(What to do) Retype, word for word, the line holding "Dakle, prepodne će" and each line after it down to the end of the data; pictures are not copied.
◇ ◇ ◇ ◇ ◇
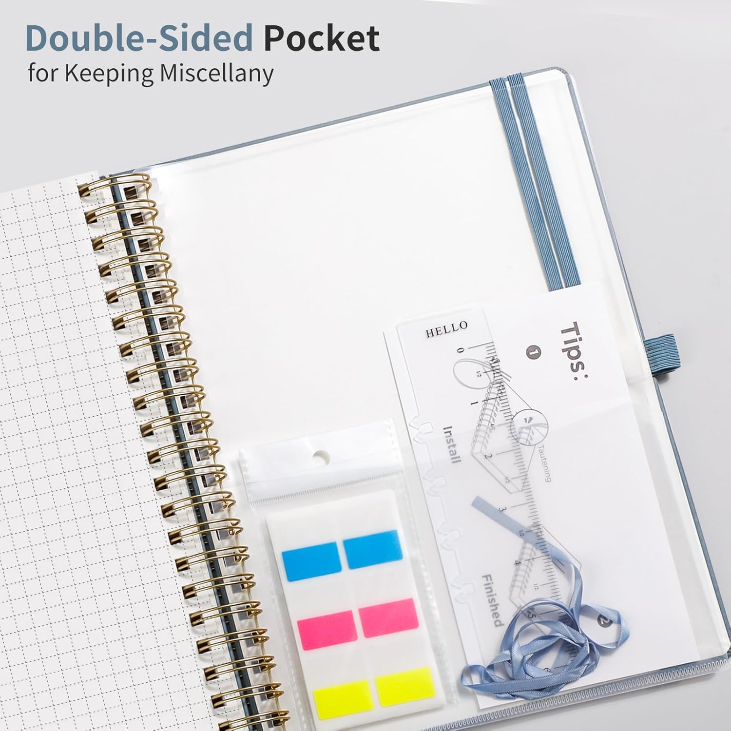 - Graph Journal Additional Features: The graph notebook includes sticky notes, 1 DIY ribbon bookmark, a double-sided PVC back pocket, 1 pen holder, 1 removable ruler, 2 Elastic bands, and a humane rounded arc corner design
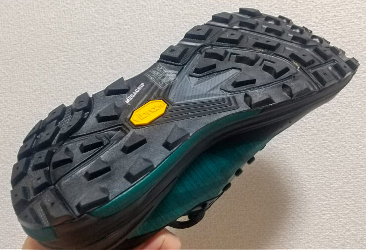 何と言っても、1番の魅力は「Vibram® Megagrip」でしょう!グリップ力抜群で、泥濘が目立つトレイルや滑りやすいロードでもしっかり路面を捉えてくれるため安定感を持って走ることが出来ます!下りが苦手でも安心して足元を預けられると思います(^^)
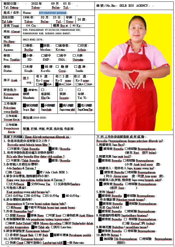 2019-2022 曾經在印尼擔任幫傭,照顧雇主家裡1個4歲小孩及協助家務、三餐飲食。
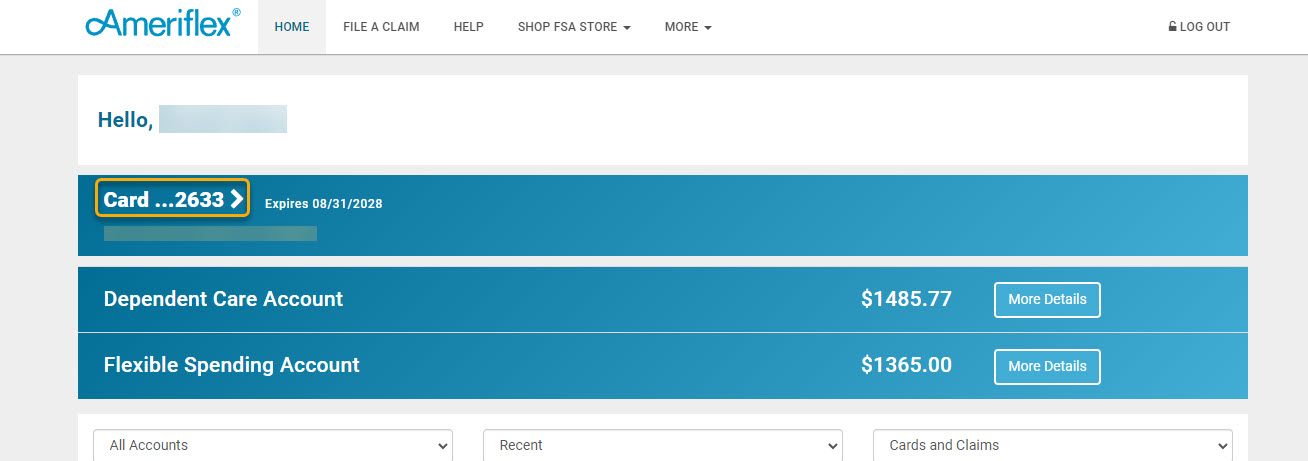 2. At the top of your home screen, beneath your name, you will see "Card" followed by the last four digits of your Ameriflex Debit Mastercard® number and a small arrow. Click Card ...XXXX> to view card information. (Card ...XXXX> circled below).jpg)
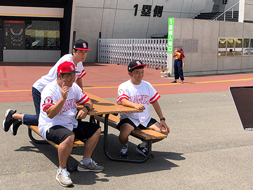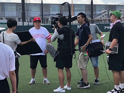 撮影当日は試合日。台風通過直後のタイミングとなり天候が心配されましたが、撮影が開始する頃には雨が上がり、だんだんと晴れ間も見えてきました!
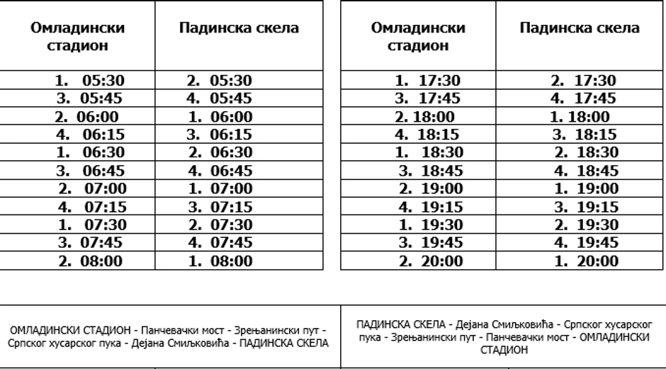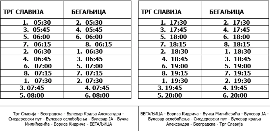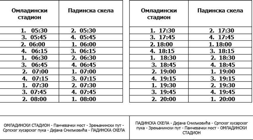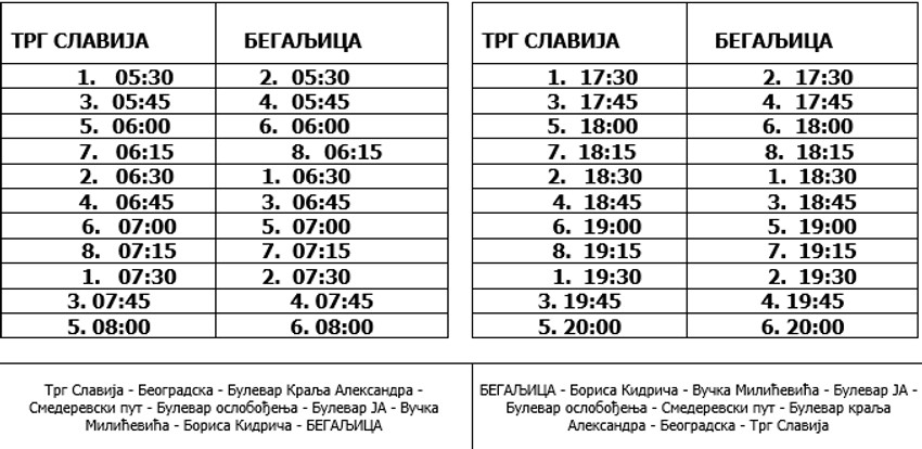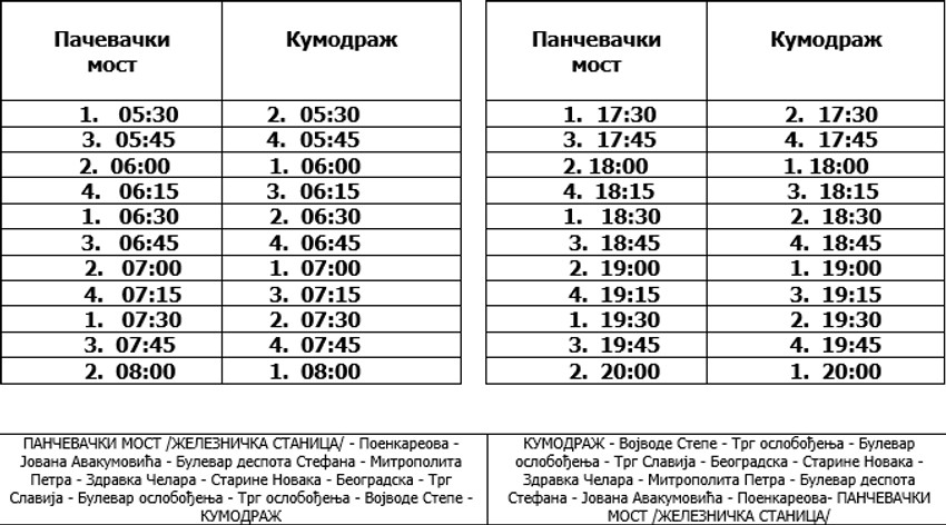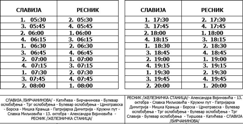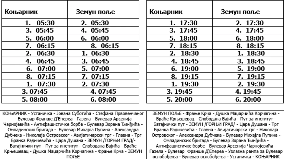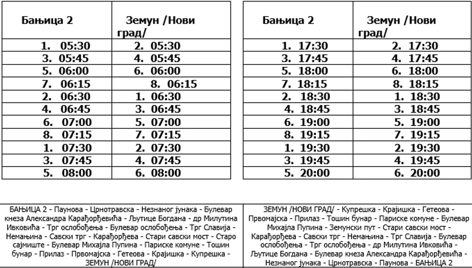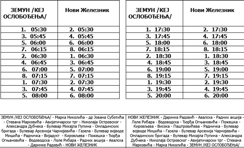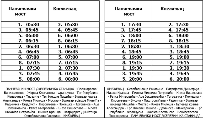Dakle, prepodne će autobusi kretati na svim linijama u 5.30, 5.45, 6.00, 6.15, 6.30, 6.45, 7.00, 7.15, 7.30, 7.45, 8.00, i to iz oba pravca. Popodne sa polaznih stanica polaziće u 17.30, 17.45, 18.00, 18.15, 18.30, 18.45, 19.00, 19.15, 19.30, 19.45, 20.00.
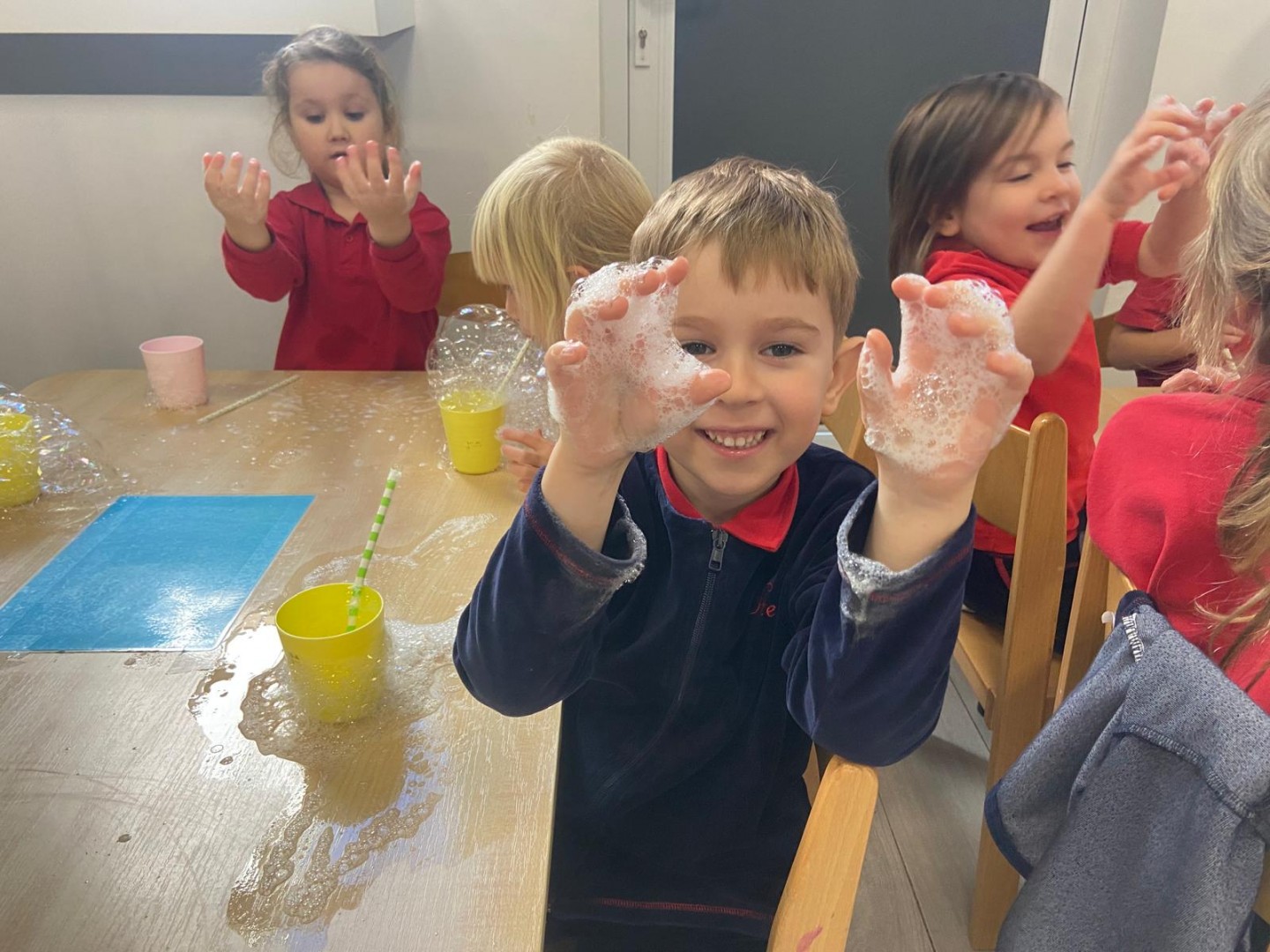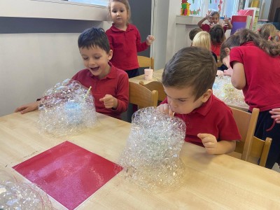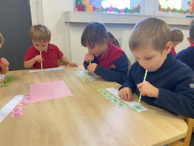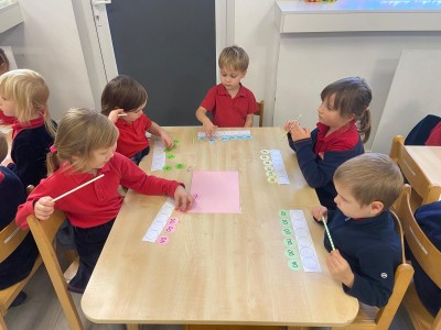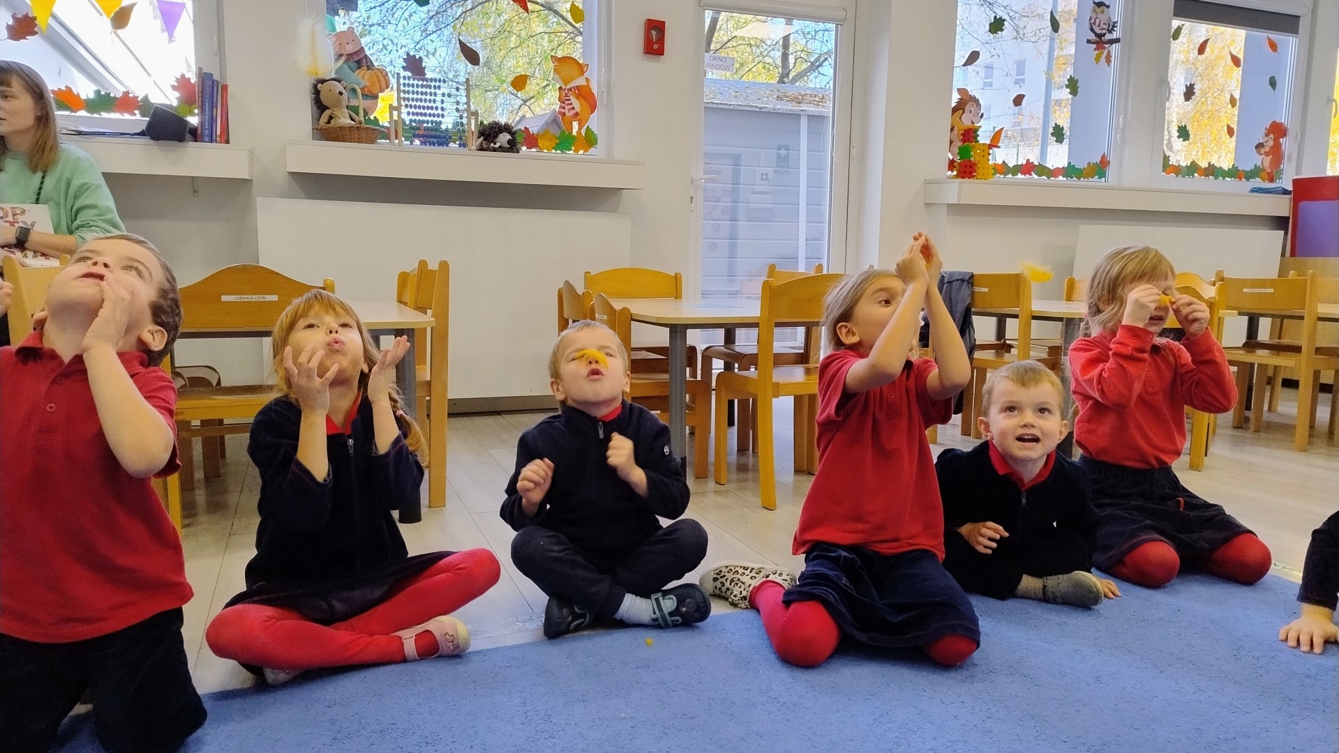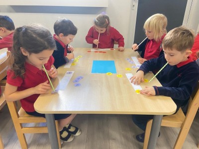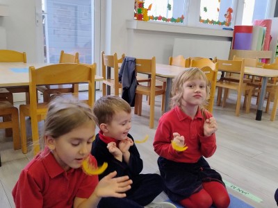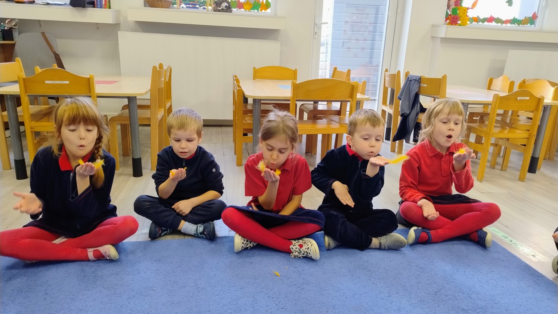 Podczas zajęć przedszkolaki utrwalały również poznane sylaby oraz ćwiczyły rozróżnianie prawej i lewej strony.
◇ ◇ ◇ ◇ ◇
(Finished exercise)
Dakle, prepodne će autobusi kretati na svim linijama u 5.30, 5.45, 6.00, 6.15, 6.30, 6.45, 7.00, 7.15, 7.30, 7.45, 8.00, i to iz oba pravca. Popodne sa polaznih stanica polaziće u 17.30, 17.45, 18.00, 18.15, 18.30, 18.45, 19.00, 19.15, 19.30, 19.45, 20.00.
 Podczas zajęć przedszkolaki utrwalały również poznane sylaby oraz ćwiczyły rozróżnianie prawej i lewej strony.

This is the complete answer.